1. ## Polar to cartesian

Find the cartesian equation of $r^2 = 9\csc(20)$?
choices:
A. xy = 9
B. 3xy = 9
C. 2xy = 9
D. 4xy = 9

This is what ive done

$(r^2= \frac{9}{\sin(20)}) \frac{1}{r}$

$\sqrt{x^2 + y^2} = \frac{9}{y}$

$x^2 + y^2 = \frac{81}{y^2}$

$y^2(x^2 + y^2) = 81$

2. ## Re: Polar to cartesian

Originally Posted by TechnicianEngineer
Find the cartesian equation of $r^2 = 9\csc(20)$?
choices:
A. xy = 9
B. 3xy = 9
C. 2xy = 9
D. 4xy = 9

This is what ive done

$(r^2= \frac{9}{\sin(20)}) \frac{1}{r}$

$\sqrt{x^2 + y^2} = \frac{9}{y}$

$x^2 + y^2 = \frac{81}{y^2}$

$y^2(x^2 + y^2) = 81$
Why has 1/r appeared - out of nowhere - in the first line?

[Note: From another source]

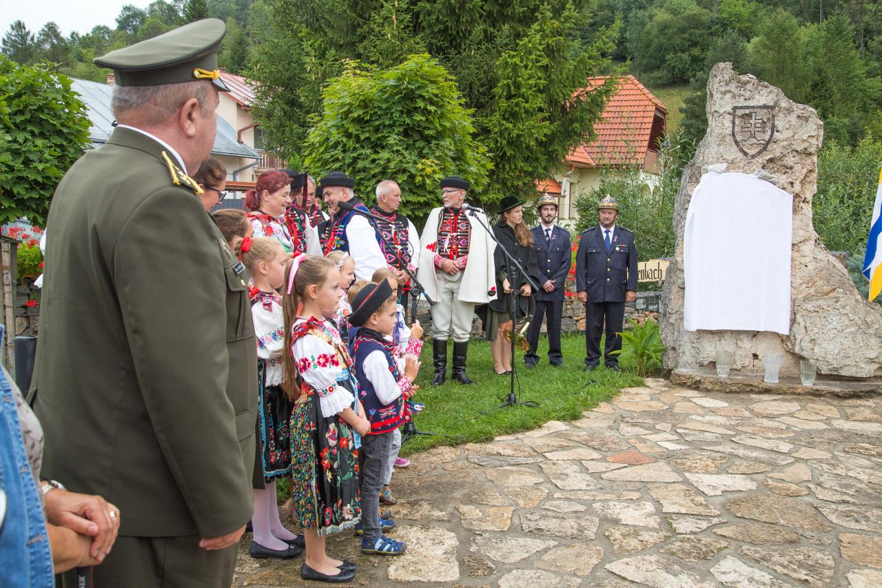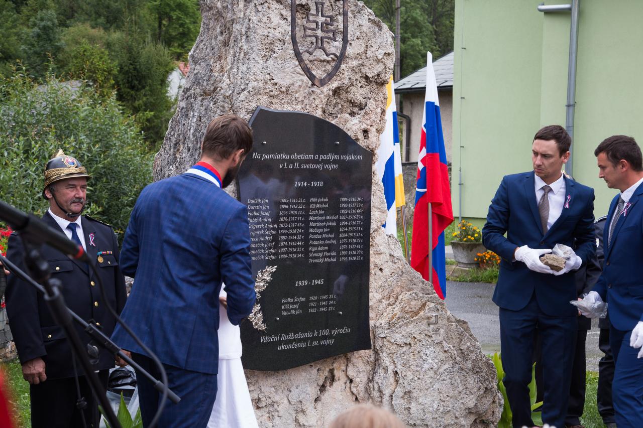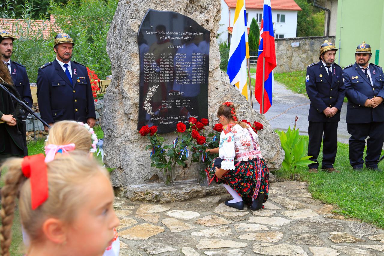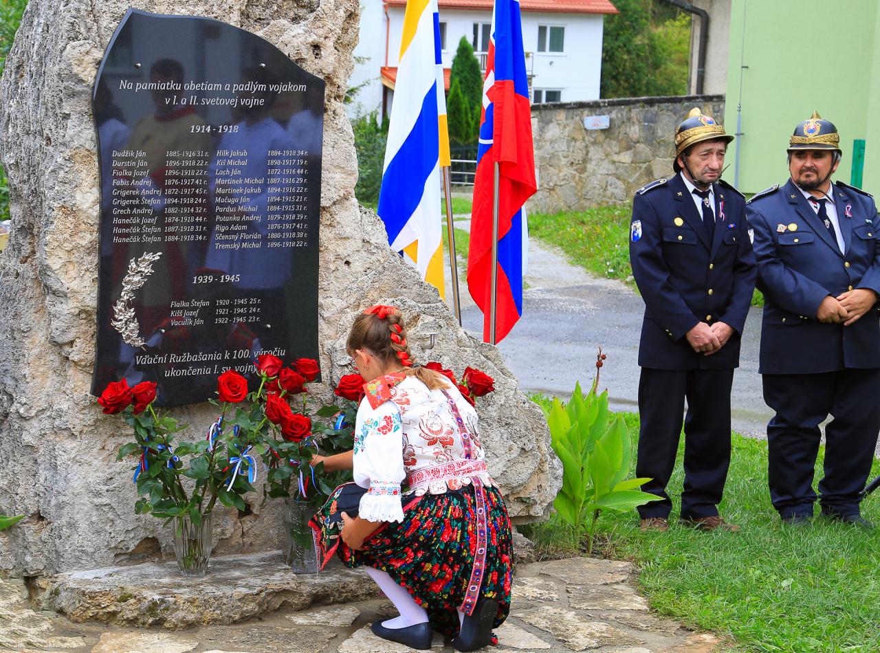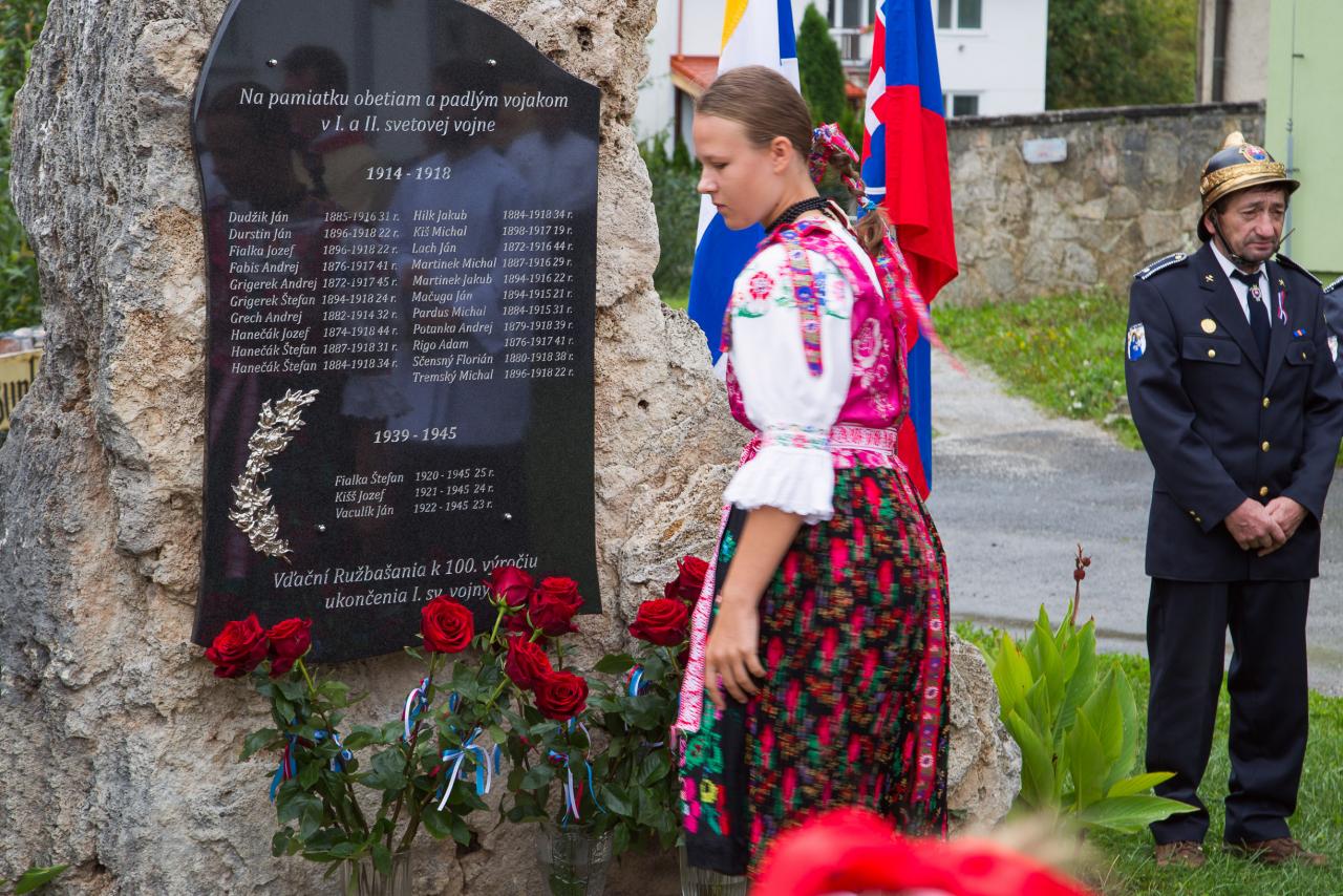 Slávnosť bola pripravená k 100 výročiu od ukončenia 1. sv. vojny, no svetová pandémia Corony zabránila jej pôvodnej realizácií a tak sa táto slávnosť uskutočnila s časovým oneskorením. Slávnosť začala slávnostnou sv. omšou v kostole Obetovania Pána, ktorá bola obetovaná za všetkých padlých vojakov vo svetových vojnách. Po nej nasledoval krojovaný sprievod detí, mládeže, mužov, žien a obyvateľstva do parku, kde sa uskutočnilo slávnostné odhalenie pomníka a pietny akt s odhalením mramorovej tabule s menami 24 vojakov – rodákov, ktorí zahynuli v I. a II. sv. vojne. Mramorová tabuľa je osadená v travertínovom brale, na vrchu ktorého je umelecky vykovaný štátny znak Slovenskej republiky. Počas slávnostného ceremoniálu boli účastníkom o všetkých vojakoch podané informácie o ich zaradení do príslušných vojenských útvarov a o miestach kde bojovali i zahynuli na rôznych svetových bojiskách. Informácie o nebohých vojakoch boli overené vo vojenských historických archívoch a matrikách. Zoznam vojakov je zaznamenaný i v Obecných kronikách z rokov 1933 a 1961. Získané dokumenty boli zverejnené počas slávnosti na výstavných paneloch v blízkosti parku. Počas pietnej spomienky za každého vojaka bola k pomníku položená červená šípová ruža. Starosta Obce Mgr. Peter Martinek a predseda OblV SZPB Ing. Václav Homišan v Starej Ľubovni vo svojich príhovoroch prejavili úctu, vďaku a česť padlým Ružbašanom i všetkým vojakom, ktorí zahynuli v dôsledku svetových vojen. Odhalenie pomníka padlým vojakom z 1. a 2. svetovej vojny 12 Ružbašské žrodelko Prítomní poslanci Obecného zastupiteľstva položili k tabuli veniec. Po odhalení tabule zazneli slávnostné fanfáry a za každého vojaka odznel úder na zvon. Program konferovali Andreja Bajnóczyová a Benjamín Fečík. V závere slávnosti miestny kňaz Ján Stašák požehnal pamätnú tabuľu. Počas slávnosti zazneli oslavné básne, vojenské, partizánske i goralské piesne v podaní členov miestnej speváckej skupiny. Slávnosť pokračovala sprievodom na cintorín k hrobu jediného vojaka z 1. sv. vojny ktorý je pochovaný na miestnom cintoríne. Obec i rodina nebohého vojaka Štefana Hanečáka prejavili úctu odhalením pamätnej tabule i položením venca priamo na jeho hrobe. Postavením pamätníka v parku v centre našej obce neďaleko kostola pribudla ďalšia významná dominanta symbolizujúca krutosti a temnú minulosť, ale i bolestivé spomienky na našich predkov. Česť ich pamiatke.

$r^2 = \frac{9}{\sin \theta} \Rightarrow r = \frac{9}{r \sin \theta} \Rightarrow \sqrt{x^2 + y^2} = \frac{9}{y} \Rightarrow ....$

I don't agree with any of the given options.

Edit: OK, this is what happens when someone uses poor notation to express an equation. No doubt the 20 is meant to be $2 \theta$, in which case you have $r^2 = \frac{9}{\sin (2 \theta)} \Rightarrow r^2 = \frac{9}{2 \sin (\theta) \cos (\theta)} \Rightarrow 1 = \frac{9}{2 r \sin (\theta) r \cos (\theta)} \Rightarrow ....$

3. ## Re: Polar to cartesian

Hello, TechnicianEngineer!

$\text{Find the cartesian equation of: }\:r^2 \:=\: 9\csc(2\theta)$

. . $(A)\;xy \,=\, 9 \qquad (B)\; 3xy \,=\, 9 \qquad (C)\; 2xy \,=\, 9 \qquad (D)\; 4xy \,=\, 9$

This is the way I would do it . . .

. . . . . . . . . . . . . $r^2 \:=\:9\csc(2\theta)$

. . . . . . . . . . . . . $r^2 \:=\:\frac{9}{\sin(2\theta)}$

m . . . . . . $r^2\sin(2\theta) \:=\:9$

. . . . $r^2(2\sin\theta\cos\theta) \:=\:9$

. . $2\overbrace{(r\cos\theta)}^{\text{This is }x}\underbrace{(r\sin\theta)}_{\text{This is }y} \;=\;9$

n . . . . . . . . . . $2xy \;=\;9 \quad\text{ answer (C)}$

4. ## Re: Polar to cartesian

i apologize that the questionnaire was not well photocopied
i myself thought it was csc(20)